We’re thrilled to welcome Dr. Hunter Gehlbach from the Harvard Graduate School of Education to the Panorama Education team. A leading educational psychologist, Dr. Gehlbach will lead Panorama’s survey design work while fostering best practices in survey methodology and measurement for the education community.
Dr. Gehlbach will continue to hold his position as associate professor at Harvard University’s Graduate School of Education where his research focused on applying social psychological principles to educational challenges. Previously, he taught high school social studies in Pennsylvania.
As Director of Research at Panorama Education, Dr. Gehlbach will also advise product development, helping to design strategies that teachers can use to enhance their teaching practice.

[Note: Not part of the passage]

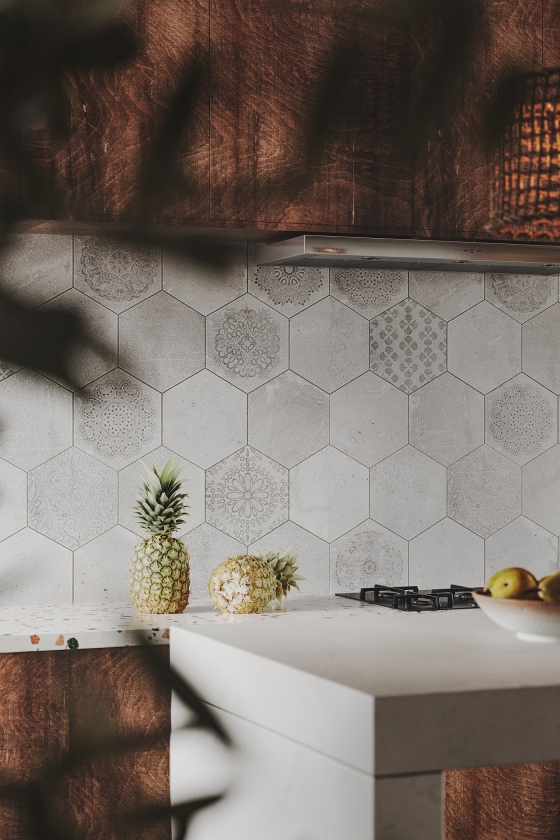 It is also gentle with the wood color. Bright and fresh. The kitchen exudes a relaxed atmosphere. Quaint furniture texture. Retro artistic presentation. Wall pattern closer to life. Not simple design method

A long time friend to Panorama Education, Dr. Gehlbach has already collaborated on the Panorama Student Survey, which was unveiled publicly for use by educators last month.

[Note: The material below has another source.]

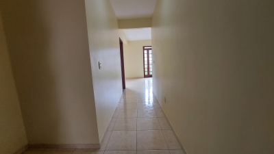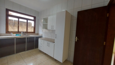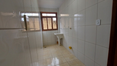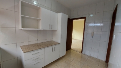 Apartamento com dois quartos, sala conjugada com a copa, cozinha com armários, banheiro social, área de serviços e garagem.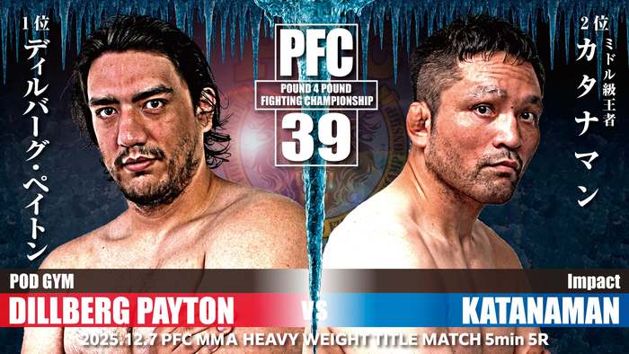 カタナマン「私はカタナマンだ。アマチュアパンクラストーナメントで優勝した2019年7月7日それがアマチュア格闘技のはじまり。私はその日職場で応援してくれた女性に11万円のティアラをプレゼントしフラれました。2020年12月にはプロ初勝利、その勢いで告しフラれました2021年から2022年はチャクリキトーナメントやインパクトで活躍はしたものの3人にふられました。2023年転機がPFCに参戦させていただき勝利。2024年7月7日にはタイトルマッチ勝利。ティアラ事件から5年、様々なフラれを体験して今やヘビー級タイトルマッチ。もう彼女はいらねえ 俺は格闘技が彼女だ! さあペイトン 俺の告白 受けてくれるかい?」

We sat down with Hunter to learn about his interests in survey design, teaching, and his most memorable vacation:
What are your hopes for working with Panorama on survey design?
The most important thing for me is that teachers can use the results from our surveys to become better teachers. As a former teacher myself, I think a great deal of focus has shifted towards a narrow subset of the outcomes that we care about--but I truly believe that asking the right questions through a high quality survey tool can provide tremendous feedback for teacher growth.

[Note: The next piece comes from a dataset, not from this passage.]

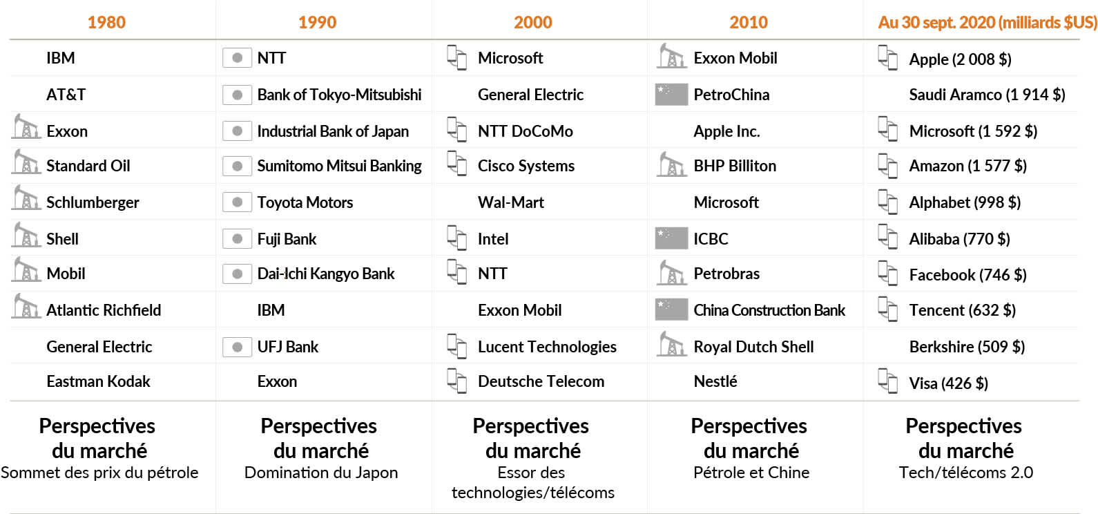 Examinons comment les choses changent au fil du temps par rapport à ce qui peut sembler évident à un moment donné. Ce graphique montre les dix premières actions par capitalisation boursière au niveau mondial au début de chaque décennie.

How did the Panorama Student Survey collaboration develop?
I had long been interested developing a set of survey measures that both (a) provided teachers with feedback to help them improve and (b) assessed a wider array of student outcomes than is typically prioritized. However, other projects always pushed this interest to the back-burner.
But when Panorama was enthusiastic about these two goals, saw eye-to-eye with me about wanting the measures to be publicly available to all schools, and was willing to partner with our research team to support a rigorous survey development process, the foundation for a very productive collaboration was established. Since then, I’ve wanted to build upon these efforts and directing research with Panorama is a great fit.
Why are you interested in measuring student perceptions through surveys?
One of the things that I’m most excited about with Panorama putting these measures out into the public domain is the range of topics addressed by the measures. In other words, the Panorama Student Survey covers so many critical facets of teaching and such an array of student outcomes, I think it will help others to recalibrate what we care most about in education.
For example, most policy-makers today focus a lot on assessment and test scores. However, for a student who is deciding whether or not to drop out of school, it suddenly seems much more important to care about that student’s relationships with teachers, valuing of the subject matters in his or her classes, and sense of belonging at school than what test score the student received on a single assessment.
In all, I believe the measures coming out of our research with Panorama will help expand the range of what outcomes we want to focus on in education. That’s what we hope to measure and that’s why I’m equally thrilled to join the Panorama team.
What's been your most memorable vacation trip?
This summer, my family traveled to Yellowstone and Glacier National Parks. I experienced some of our country's most amazing natural landscapes and wildlife through the eyes of my young children.